Beretta has also been a fill-in presenter on The Morning Show and Weekend Sunrise, and a fill-in sports presenter on Seven News in Sydney. In 2013, Beretta hosted Seven's coverage of the Australian Open.

In 2025, Beretta reduced his regular appearances on Sunrise, limiting his on-air presence to Monday and Friday. The change reflected a shift in his professional commitments, with greater focus on external projects such as charity work and special event coverage for the Seven Network.
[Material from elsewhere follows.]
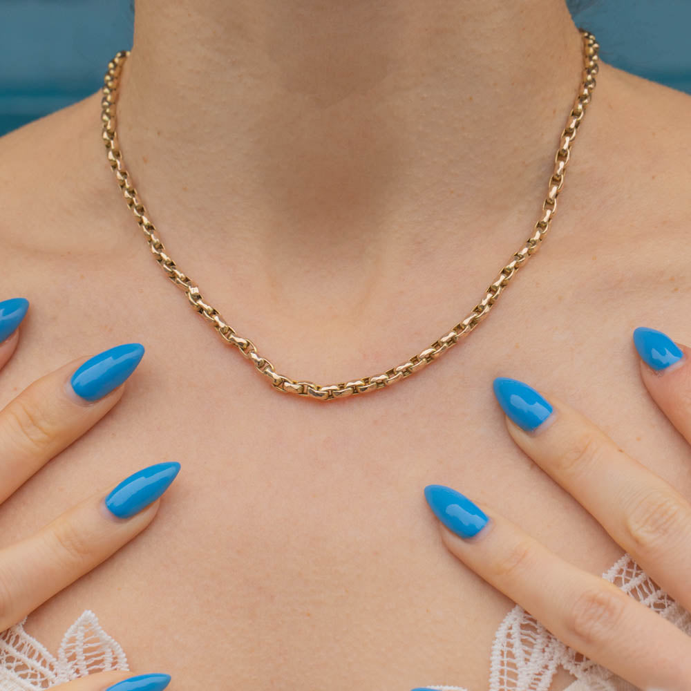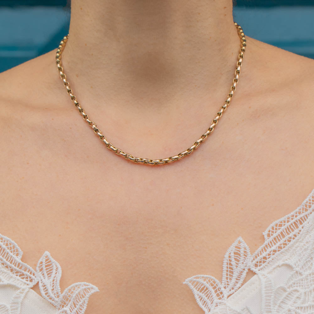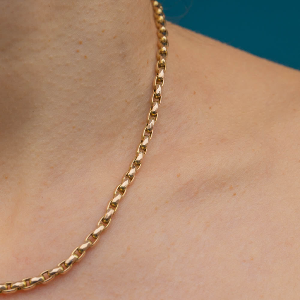 A splendid 16.5" antique 9ct Gold faceted belcher chain for your antique jewellery collection! This solid Gold chain has timeless appeal and will become your go-to piece.

On 27 November 2025, Beretta announced his resignation from Sunrise, with his final appearance scheduled for 12 December. He is expected to continue working with the Seven Network on special projects to be announced.
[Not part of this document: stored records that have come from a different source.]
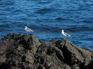 | カモメやウミウが、あちこちにいる。 | ここから望む山は姿を変えてゴツゴツしている。 火山活動のあった山らしい姿だ。 |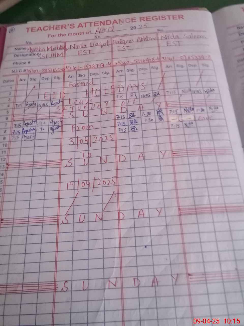 | CNIC | Full Name | Designation | R/C | Absence During Last Calender Month |
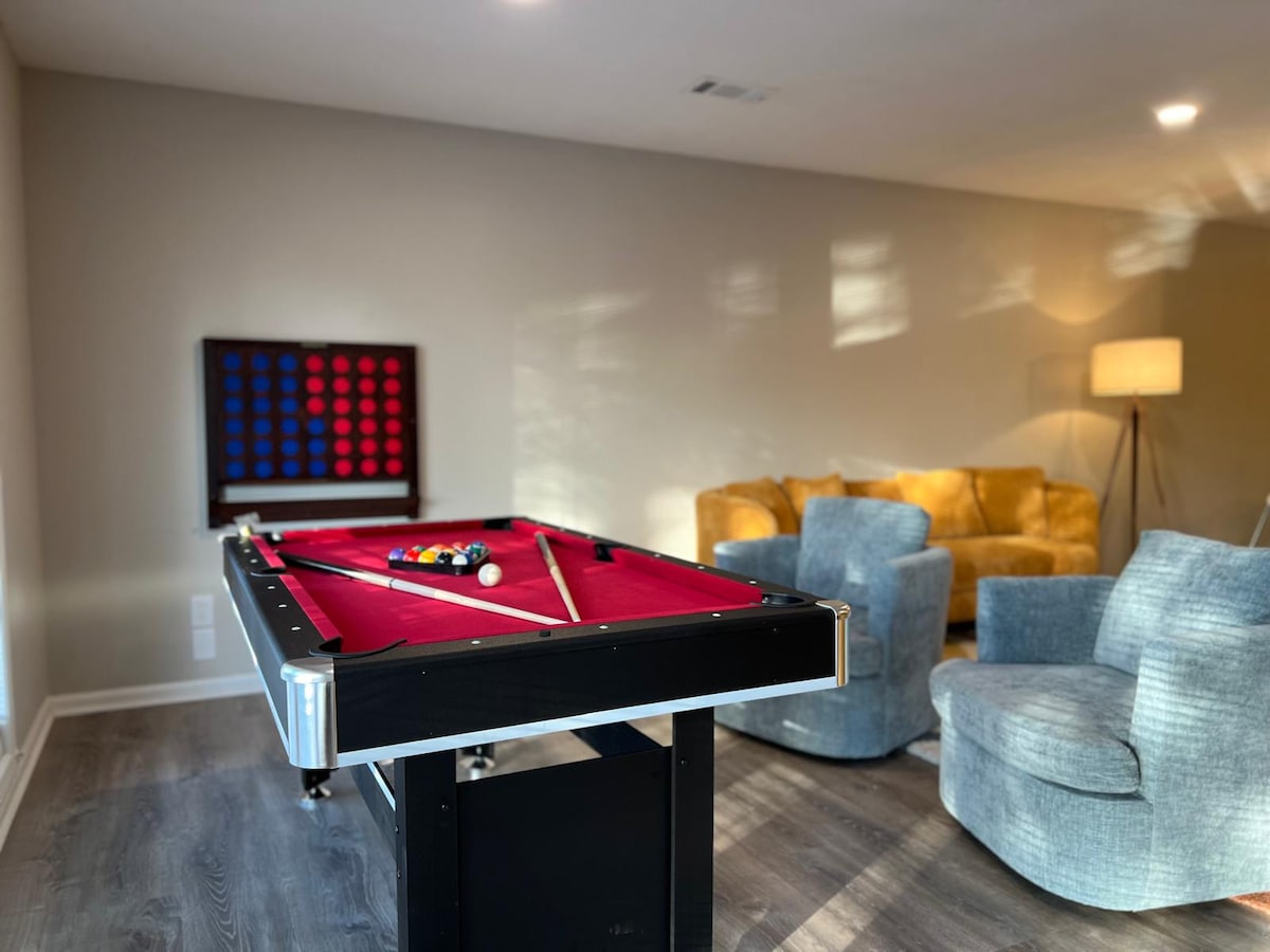 Property Overview: - Modern style home with a spacious and fun backyard. - Features three large bedrooms, large TVs in every room plus in the movie room, outdoor pool, and garage set up with pool table, PS5, and arcade games. Location: - Situated in a small, quiet, and safe neighborhood. - 12 minutes to Fort Moore's main gate. - 10 minutes to downtown Columbus. - 4 minutes to Mall. - 8 minutes to exit 10/12 outdoor shopping area.

In September 2026, Beretta launched Beretts’ Best, a long‑form interview podcast featuring in‑depth conversations with prominent Australian sports and media figures.

==Publication==
In October 2010, Beretta released his book The Riders – Australia's Motorcycle Champions through publisher HarperCollins. The Riders offers an insider's view of the world of motorcycle racing, with a collection of stories on 24 of Australia's greatest motorbike champions.

In October 2022, Beretta released the book 'Mark Beretta's Greatest Moments in Australian Sport' with Neil Cardigan, through publisher Affirm Press.

==Personal life==
Beretta has two children.

Since 2010, he has regularly taken part in the 1400 km Tour de Cure bike ride from Sydney to Mooloolaba over ten days, to raise money to help find a cure for cancer. In 2011, he was appointed to the board of Tour De Cure.

In 2019, Beretta joined the Australian Army Reserves.

In October 2023, Beretta separated from partner Rachel.

==Recognition and awards==
Beretta was awarded the Medal of the Order of Australia in the 2021 Queen's Birthday Honours, for "service to the community through charitable organisations".